Google reagiert auf Datenschutzbedenken bezüglich des Assistenten, indem es einige Richtlinien ändert

Google reaguje na obawy dotyczące prywatności dotyczące Asystenta, zmienia niektóre zasady 1

Google reagiert auf Datenschutzbedenken in Bezug auf Assistant, indem einige Richtlinien geändert werden 1

In den letzten Monaten wurden Technologie-Giganten wie Amazon, Google, Microsoft, Apple und andere aufgrund ihrer Richtlinien zur Benutzerinteraktion mit digitalen Assistenten einer genauen Prüfung unterzogen. Diese Situationen betrafen insbesondere menschliche Mitarbeiter, die Audioaufnahmen von Assistenten hörten. Im Juli wurde bestätigt, dass einer der Sprachprüfer von Google private Audiodaten durchgesickert war, und der Mountain View-Riese veröffentlichte schnell eine Erklärung, um den Benutzern zu versichern, dass die Sicherheitsrichtlinien des Assistenten überprüft werden.

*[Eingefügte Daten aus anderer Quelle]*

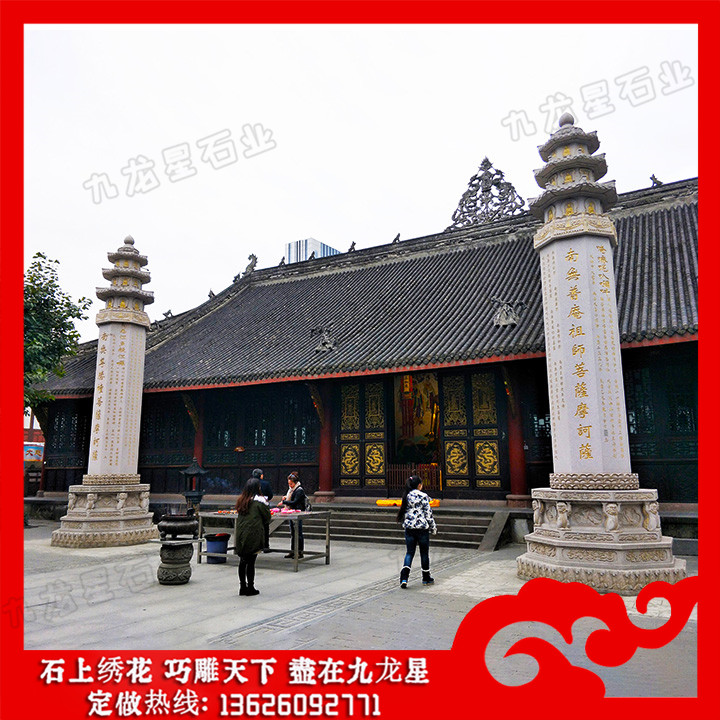 從現(xiàn)在的寺院建筑實(shí)例看,石雕石經(jīng)幢多立于佛寺大殿前的左右兩側(cè),它們已經(jīng)成為一座佛寺建筑群體中的一個(gè)有機(jī)的部分。既然石雕石經(jīng)幢具有消災(zāi)免罪的功能,所以有的已經(jīng)被用到佛寺以外的地方去了。其一是立在城市的街頭以求百姓的免災(zāi)祈福,可稱為“路幢”;其二是建于陵墓之前以求對(duì)墓主人超度亡靈,早日走入冥間天堂,可稱為“墓幢”。常見(jiàn)石雕石經(jīng)幢圖片樣式有很多,九龍星石業(yè)歡迎您帶圖咨詢。

Diese Änderungen werden derzeit eingeführt. Google präzisiert heute seine Datenschutzrichtlinien und kündigt die Änderungen an, um die Privatsphäre der Nutzer besser zu schützen.

Google reagiert auf Datenschutzbedenken bezüglich Assistant und ändert einige Richtlinien 2

Nachdem sich Google zum ersten Mal entschuldigt hatte, sagte Google, es habe eine vollständige Analyse seiner Systeme und Kontrollen durchgeführt, um den Schutz vor Situationen wie den oben genannten zu gewährleisten. Darüber hinaus betonte das Unternehmen, dass Audiodaten nie standardmäßig gespeichert wurden und dies auch bleiben werden. Audiodaten werden nur gespeichert, wenn der Benutzer während der Installation Voice & Audio Activity (VAA) auswählt. Vergangene Interaktionen können auch jederzeit separat von Benutzern ausgewählt und gelöscht werden.

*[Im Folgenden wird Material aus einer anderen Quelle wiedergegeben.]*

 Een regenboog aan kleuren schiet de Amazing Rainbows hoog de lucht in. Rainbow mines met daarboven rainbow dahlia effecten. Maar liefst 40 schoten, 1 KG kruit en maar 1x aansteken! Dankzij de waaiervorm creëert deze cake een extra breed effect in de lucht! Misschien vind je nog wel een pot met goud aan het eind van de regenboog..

Es wird jetzt auch viel klarer, dass die Aktivierung von VAA es den Prüfern ermöglicht, die Audiodaten anzuhören. Folglich werden Benutzer, bei denen diese Einstellung derzeit aktiviert ist, erneut gefragt, ob sie mit dem beschriebenen Prozess zufrieden sind, bevor eine menschliche Bewertung stattfindet. Während die auf diese Weise gesammelten Audio-Snippets nicht an bestimmte Benutzerkonten gebunden sind, fügt Google weiterhin zusätzliche Datenschutzfilter hinzu, um Zweifel an der Anonymität auszuräumen.

Und schließlich aktualisiert der Technologieriese seine VAA-Richtlinie zur Speicherung von Audiodaten. Ab Ende dieses Jahres werden deutlich weniger Audiodaten gespeichert, wobei alle Daten, die älter als einige Monate sind, automatisch gelöscht werden. In einer ähnlichen Änderung versucht Google, unbeabsichtigte Aktivierungen des Assistenten weiter zu minimieren, und die gesammelten Audiodaten werden sofort gelöscht.

All diese Ă„nderungen sind Teil des Bestrebens von Google, fĂĽr seine Kunden transparent zu sein, aber nur die Zeit wird zeigen, wie Nutzer auf sie reagieren werden. Weitere Informationen zu den verfĂĽgbaren Datenschutzbestimmungen finden Sie auf der Seite “Ihr Datenassistent”.